What to do:
Repeat, exactly and with no pictures, the lines that run from the beginning of the entries through the line containing "暑期社会实践团邀请到社区的6".

- - -

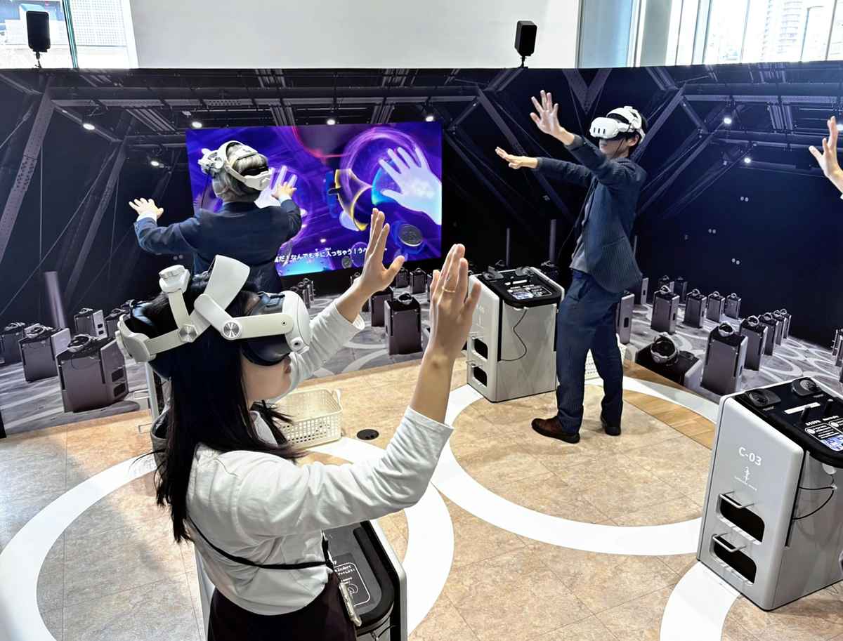 Participants wear XR goggles at the Gas Pavilion Obake Wonderland in Nishi Ward, Osaka.
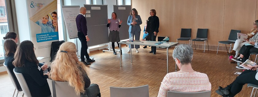 Zuvor hatten die Teilnehmer einen Überblick über die Einsatz-Möglichkeiten und Anknüpfungspunkte für betriebliches Familien-Bewusstsein im Unternehmen erhallten. Anne Seefeld von der Servicestelle des bayerischen Familien-Pakts betonte insbesondere die Faktoren Kommunikation, Unternehmenskultur und Werte sowie konkrete Personal-Maßnahmen, um Familienfreundlichkeit fest zu verankern. Ihre theoretischen Aussagen wurden durch regionale Unternehmens-Beispiele ergänzt.
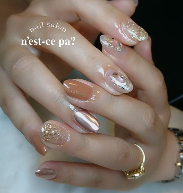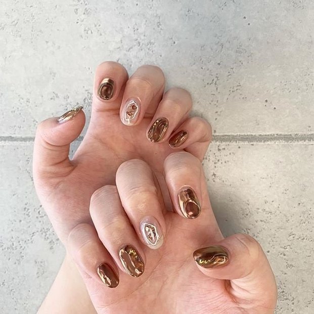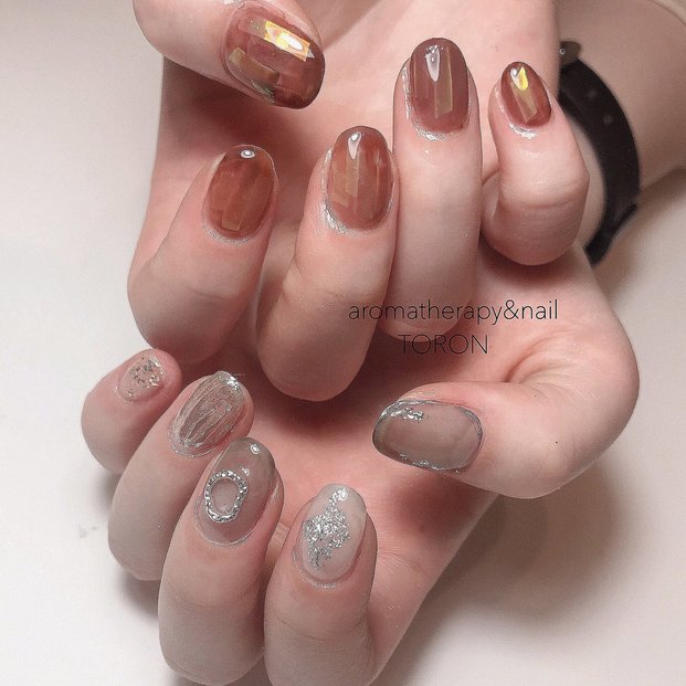 老け見えしがちなブラウンカラーのネイルは、ゴールドやシルバーを合わせることでワンランク上の仕上がりに。シアーなカラーなら、手元からフェミニンな色気が滲み出ます。
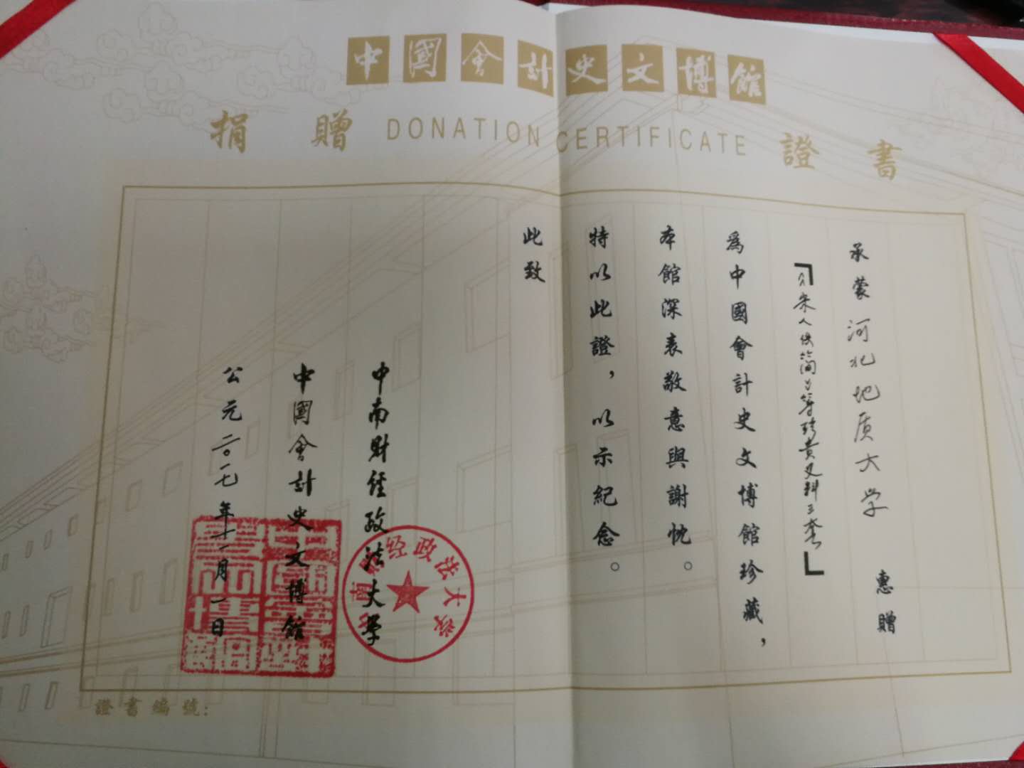 河北地质大学(原石家庄经济学院)创办于1953年,是原地质部直属五大院校之一,是国土资源部、河北省人民政府共建大学,省属重点骨干大学。建校之初,学科专业就以地质类和经济管理类交叉融合而独具特色,享誉国内。河北地质大学会计学院教授杨智杰师从郭道扬教授,是中国会计史文博馆筹备委员会委员,在杨教授的影响下,河北地质大学慷慨捐赠珍贵史料。
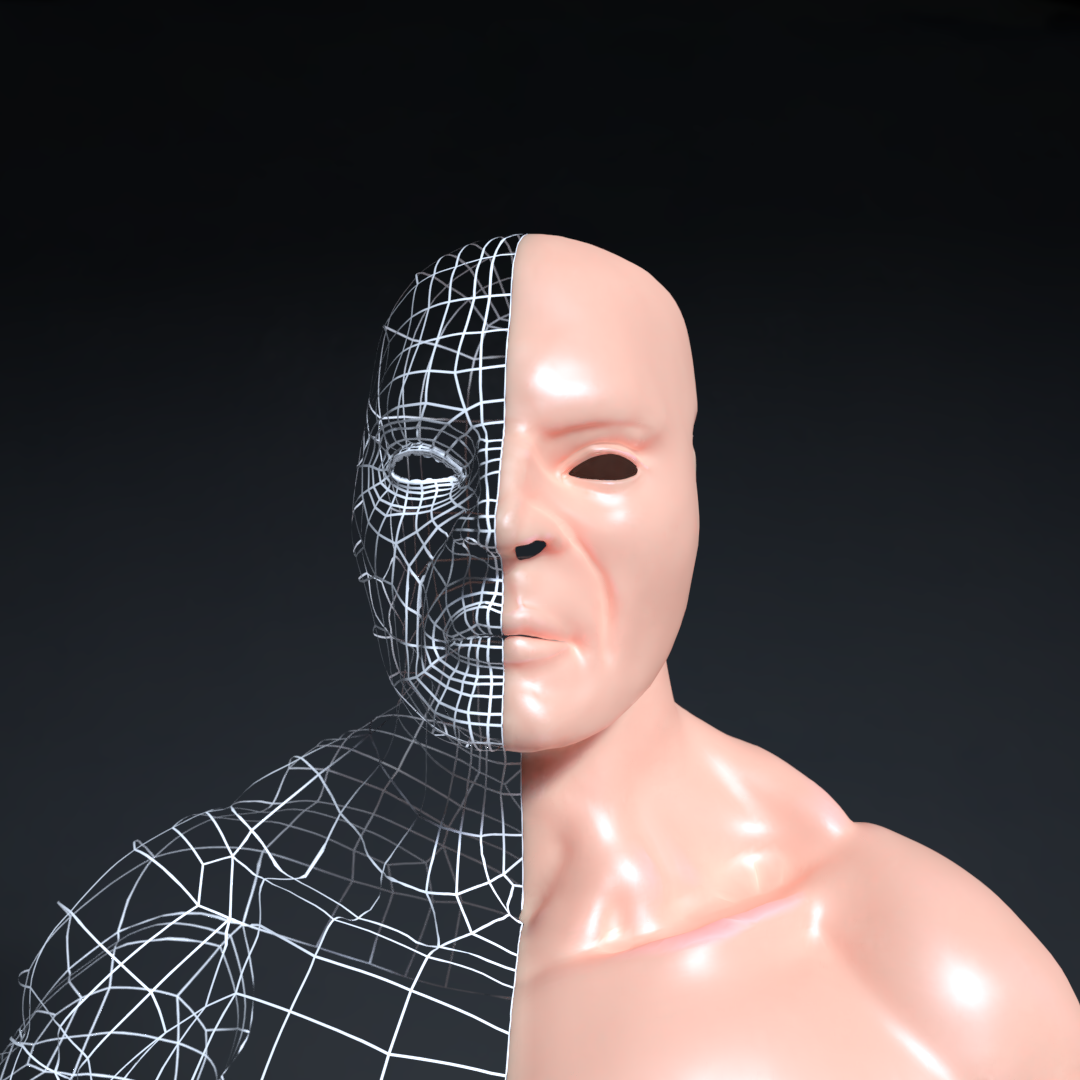 Some are adjustments are to be made but considering I've never retopo-ed something this complex ever I don't think this is too bad. Also, I did this when I was making the face and I found it rather eerie, like a mask:
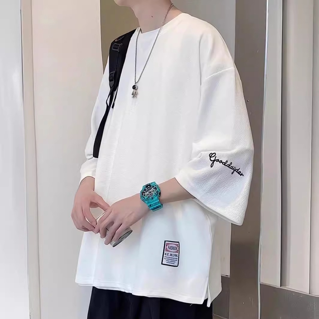 七分袖男tシャツ夏2025年新作ファッショントレンドゆるい大きいサイズ思いやり重いポンド半袖上服
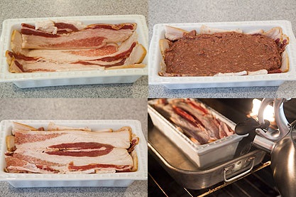 - Lót một lớp thịt hun khói xuống đáy và viền khuôn, đổ hỗn hợp thịt và gan vào và phủ thêm một lớp thịt hun khói nữa lên trên.
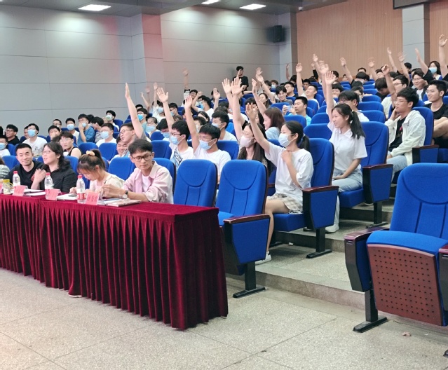 中场的党史知识抢答环节十分激烈,现场的同学积极举手回答,尽自己最大努力为所在团支部取得最好成绩加油,现场的气氛达到了空前的热度。下半场,选手们围绕“学党史 强信念 跟党走”展开团课宣讲,宣讲主题明确,立意深刻、内容详实,讲解慷慨激昂,表达出青年团员爱党爱国的情怀,让大家感受到新时代团员青年立志永远跟党走,奋斗新时代的铮铮誓言。
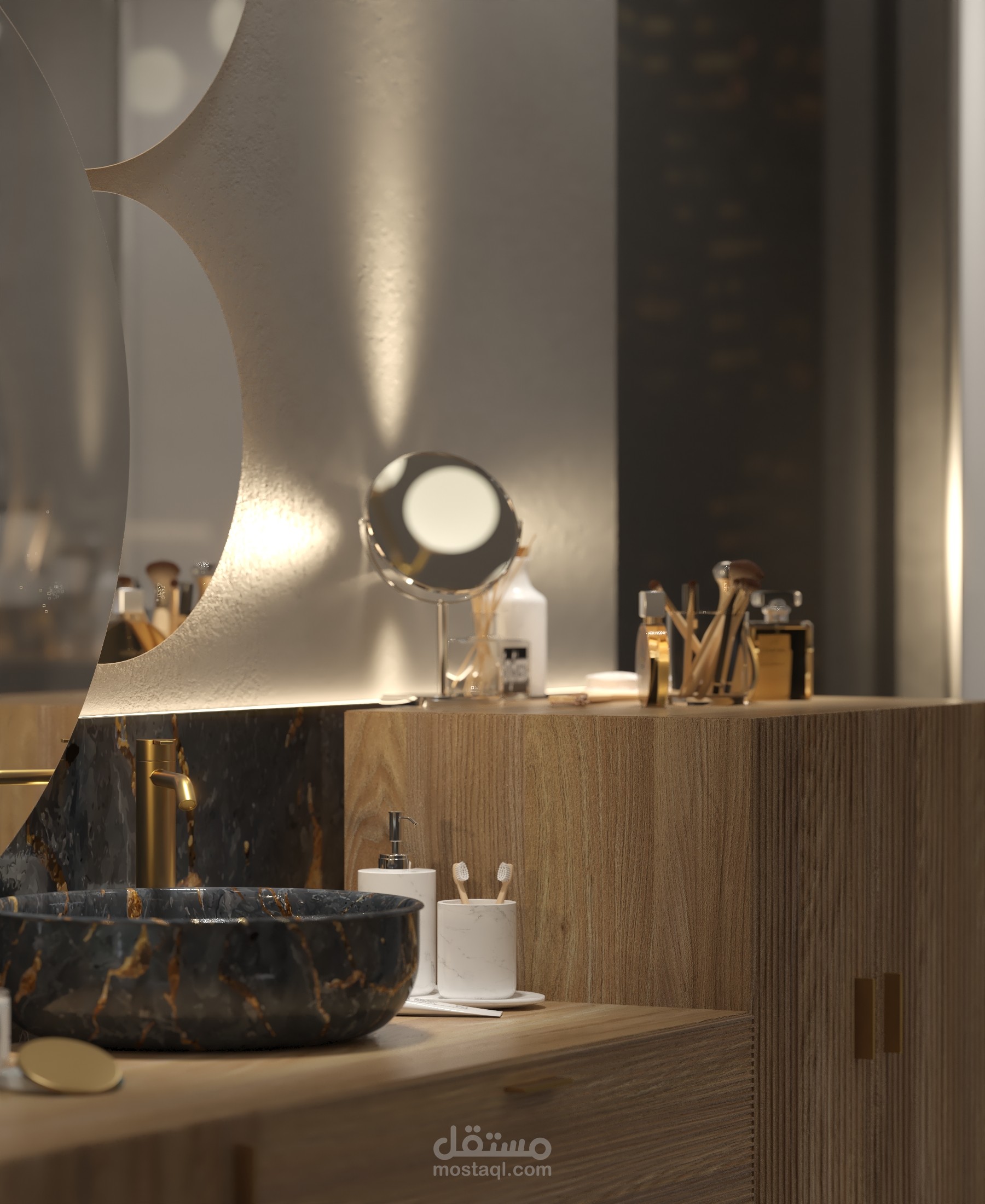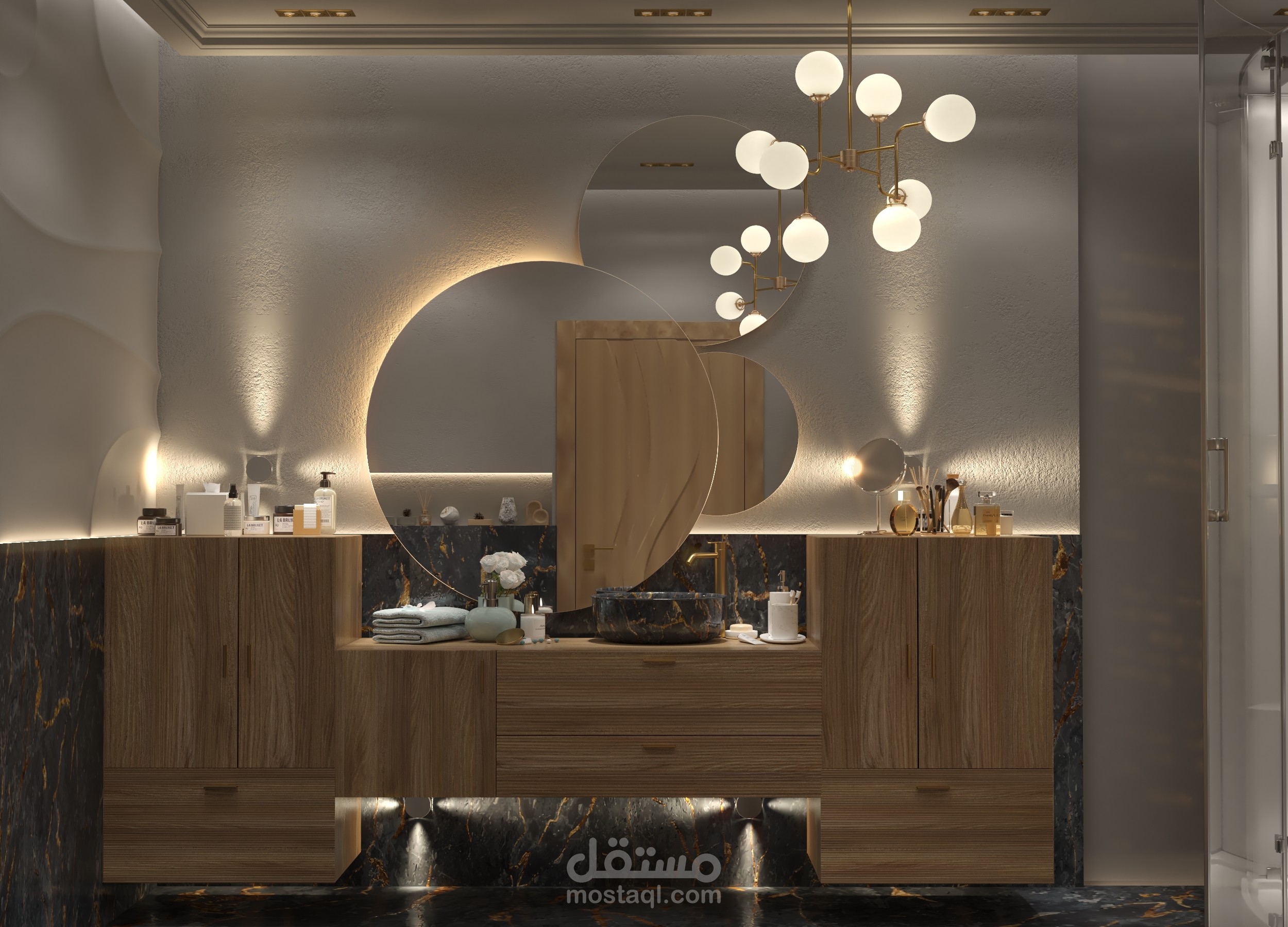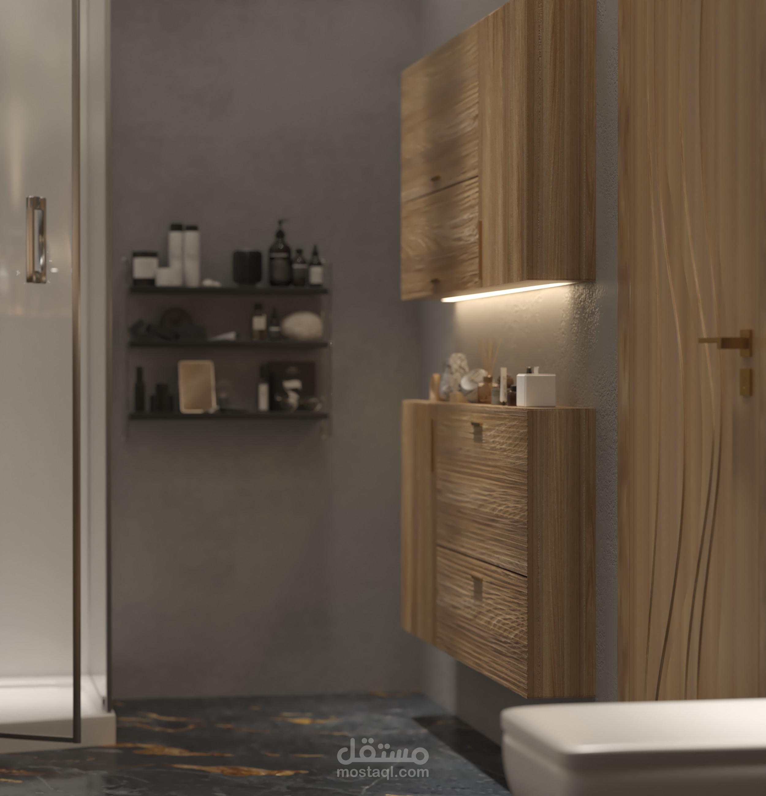 تصميم تخيلي معاصر وبسيط. دقيق وبمقاسات تفصيلية عن غرفة حمام واسعة في مجمع مرتفع
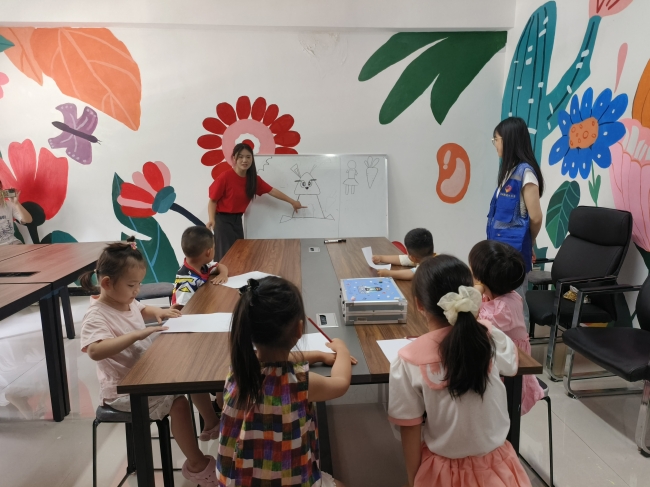 暑期社会实践团邀请到社区的6名小朋友作为新手工室的第一批绘画培训体验者进行绘画,实践团成员耐心示范用简洁的线条勾勒出房屋、树木和人物形状的方法,启发小朋友们用稚嫩的笔触描绘心中斑斓的世界。
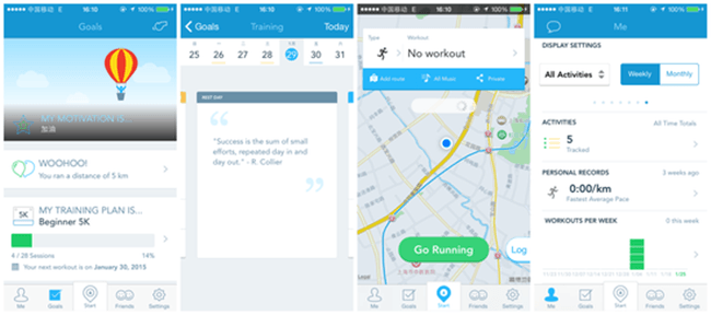 Runtasic pro致力于打造成用户的健康理想伴侣。其团队制定的训练计划丰富多样:从减肥到比基尼身材,从跑步菜鸟到全程马拉松330目标,跑步再也不会漫无目的了。
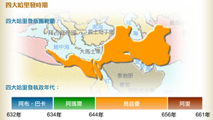 講述穆罕默德死後四大哈里的演變概況。阿布‧巴卡:扭轉穆罕默德去世後的分裂局勢,阿瑪爾和烏玆曼:開始往阿拉伯以外地區擴張,阿里:併吞了波斯薩桑王朝。

- - -

Solution:
 Participants wear XR goggles at the Gas Pavilion Obake Wonderland in Nishi Ward, Osaka.
 Zuvor hatten die Teilnehmer einen Überblick über die Einsatz-Möglichkeiten und Anknüpfungspunkte für betriebliches Familien-Bewusstsein im Unternehmen erhallten. Anne Seefeld von der Servicestelle des bayerischen Familien-Pakts betonte insbesondere die Faktoren Kommunikation, Unternehmenskultur und Werte sowie konkrete Personal-Maßnahmen, um Familienfreundlichkeit fest zu verankern. Ihre theoretischen Aussagen wurden durch regionale Unternehmens-Beispiele ergänzt.
 老け見えしがちなブラウンカラーのネイルは、ゴールドやシルバーを合わせることでワンランク上の仕上がりに。シアーなカラーなら、手元からフェミニンな色気が滲み出ます。
 河北地质大学(原石家庄经济学院)创办于1953年,是原地质部直属五大院校之一,是国土资源部、河北省人民政府共建大学,省属重点骨干大学。建校之初,学科专业就以地质类和经济管理类交叉融合而独具特色,享誉国内。河北地质大学会计学院教授杨智杰师从郭道扬教授,是中国会计史文博馆筹备委员会委员,在杨教授的影响下,河北地质大学慷慨捐赠珍贵史料。
 Some are adjustments are to be made but considering I've never retopo-ed something this complex ever I don't think this is too bad. Also, I did this when I was making the face and I found it rather eerie, like a mask:
 七分袖男tシャツ夏2025年新作ファッショントレンドゆるい大きいサイズ思いやり重いポンド半袖上服
 - Lót một lớp thịt hun khói xuống đáy và viền khuôn, đổ hỗn hợp thịt và gan vào và phủ thêm một lớp thịt hun khói nữa lên trên.
 中场的党史知识抢答环节十分激烈,现场的同学积极举手回答,尽自己最大努力为所在团支部取得最好成绩加油,现场的气氛达到了空前的热度。下半场,选手们围绕“学党史 强信念 跟党走”展开团课宣讲,宣讲主题明确,立意深刻、内容详实,讲解慷慨激昂,表达出青年团员爱党爱国的情怀,让大家感受到新时代团员青年立志永远跟党走,奋斗新时代的铮铮誓言。
 تصميم تخيلي معاصر وبسيط. دقيق وبمقاسات تفصيلية عن غرفة حمام واسعة في مجمع مرتفع
 暑期社会实践团邀请到社区的6名小朋友作为新手工室的第一批绘画培训体验者进行绘画,实践团成员耐心示范用简洁的线条勾勒出房屋、树木和人物形状的方法,启发小朋友们用稚嫩的笔触描绘心中斑斓的世界。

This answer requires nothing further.